Orval Freemont shook his head. “Wish I had. It didn’t occur to me that Quintus would become so famous, or maybe I would have. But you know how it is; the little kids grow older, and the next class of young ones comes in, and your mind is suddenly all on them. That’s what keeps you young. I remember Quintus, and I always will, but I haven’t spent a lot of time thinking about him.”
Darya glanced at her watch and stood up. “I have to get back to Fogline, or I’ll be away another whole day. I really appreciate your time. You know, I’ve dealt a lot with teachers, and I’ve learned to appreciate the good ones. If you wanted to, you could be teaching in a university instead of an elementary school.”
Freemont laughed, took Darya’s cup as she handed it to him, and walked with her to the door. “You mean, if I were willing to make the sacrifice, and give up the rewards.” He smiled gently at her bewildered look, “By the time that you reached university age, Ms. Lang, you were already formed as a person. But come to me as a little girl of five or six, and I can have a real say in what you’ll become. That’s my reward. That’s why I say I have the best job in the universe.”
Darya paused on the threshold. “Do you think you did that with Quintus Bloom — shaped him?”

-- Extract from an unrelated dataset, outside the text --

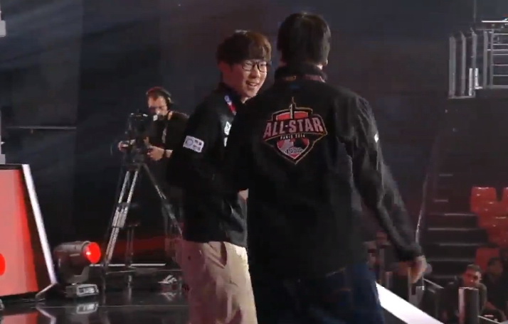 英雄聯盟》2014 巴黎全明星賽今日進行最後一天賽事,一開始先進行由玩家票選的選手對決的 1 對 1 與 2 對 2邀請賽,比賽規則是只要任一方成功殺死對方一次(二對二是各殺一次對方),或是推倒一座塔,或率先吃下一百隻兵就算勝利。
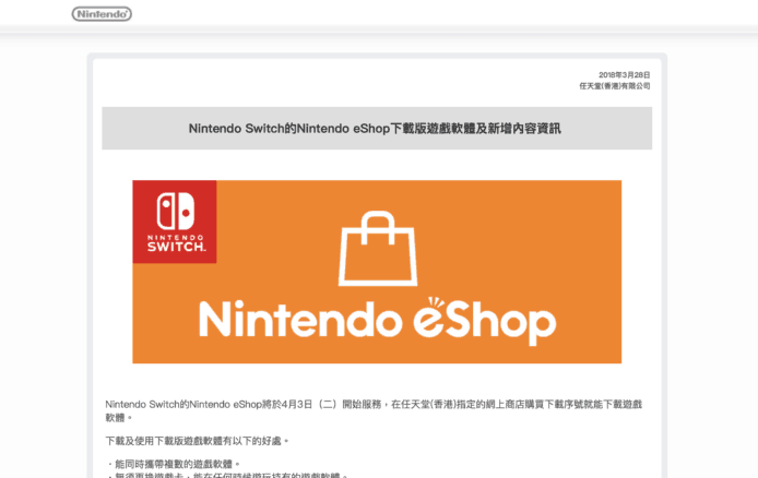 任天堂今日公布港版 Nintendo eShop 在 4 月 3 日正式投入服務之後,第一波可適用於 Nintendo eShop 的下載版遊戲與售價。留意玩家需要事先在網上商店購買遊戲的下載序號,然後到 Nintendo eShop 輸入序號,才能將遊戲加入到 Switch 主機。

Orval Freemont looked thoughtful, more than he had at any point in their whole meeting. “I’d like to think so. But, you know, I suspect that Quintus was formed long before I ever had a chance to work with him. That drive, that urge to be first and to succeed — I don’t know where and when it came, but by the time I met him it was already there.” He took Darya’s hand, and held it for a long time. “I hope you’ll write something nice about Quintus. Poor little devil, he deserves his success.”
Darya hurried away, through the cold night streets of Rasmussen. She had just a few minutes to make the last shuttle. As she slipped and skated on the thin coat of ice that covered the sidewalks, she tried to measure the value of her trip to Fogline and Rasmussen. She knew Quintus Bloom much better now, that was certain. Thanks to Orval Freemont she had confirmed his strengths, and learned a little of his weaknesses.
As Darya arrived at the terminal, just in time, she realized that her visit to Jerome’s World had given her something else, something she might have been happier not to have. She had seen Bloom through Orval Freemont’s eyes: not as the self-confident and arrogant adult, but as a driven child, a small, lonely, and sad little boy.
Maybe the visit to Orval Freemont had been a big mistake. From now on, no matter how obnoxious he was, Darya would find it harder to hate Quintus Bloom.